**** Source data

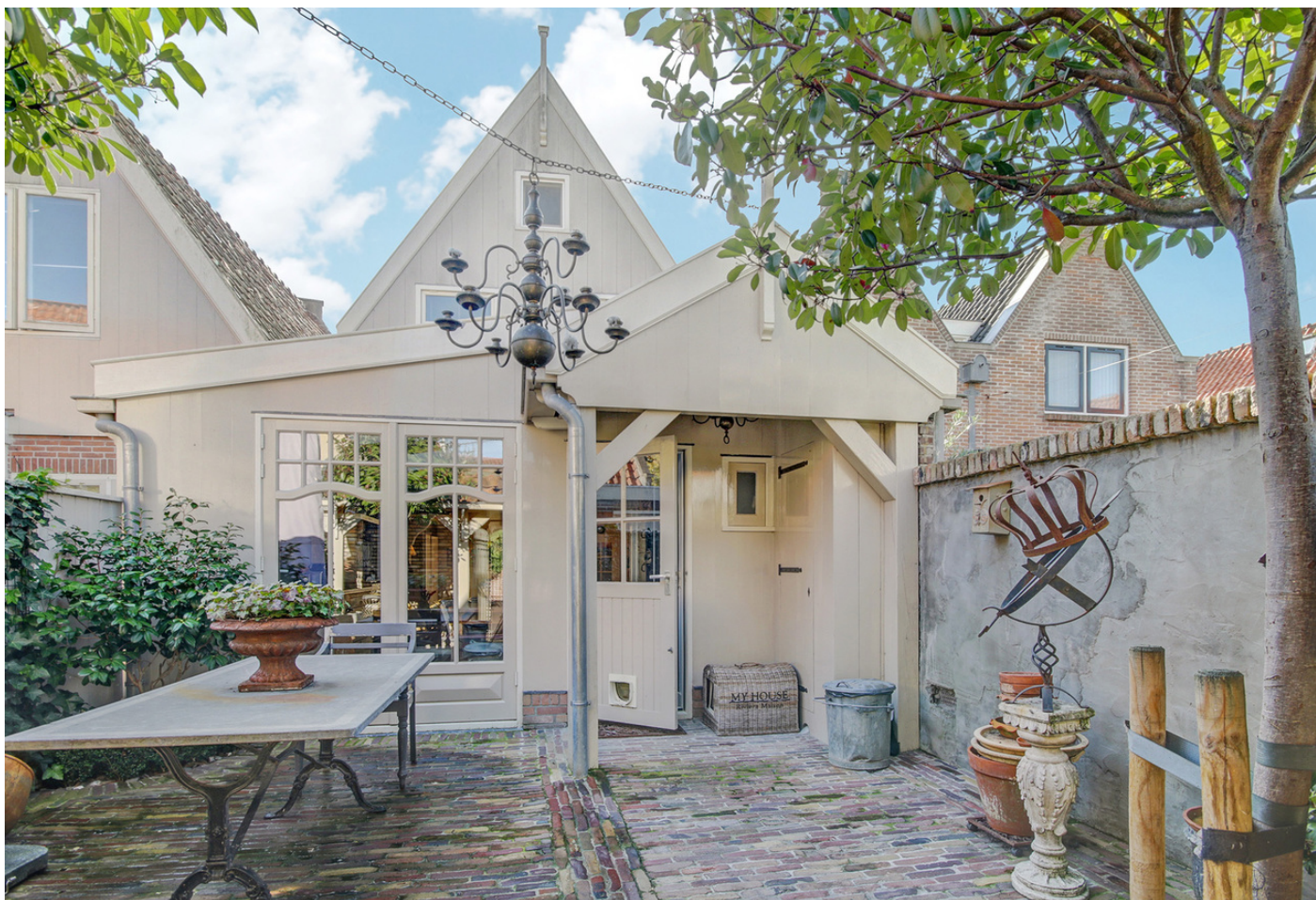
Zonnepad 15, 1141 SN MONNICKENDAM
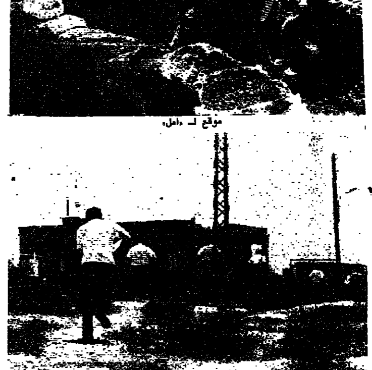
مصابون يهربون بعد تصاعد المعارك
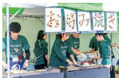
ホームカミングデーの企画・運営

********

### What to work on
Output the data above exactly, excluding images.

### The answer
Zonnepad 15, 1141 SN MONNICKENDAM
مصابون يهربون بعد تصاعد المعارك
ホームカミングデーの企画・運営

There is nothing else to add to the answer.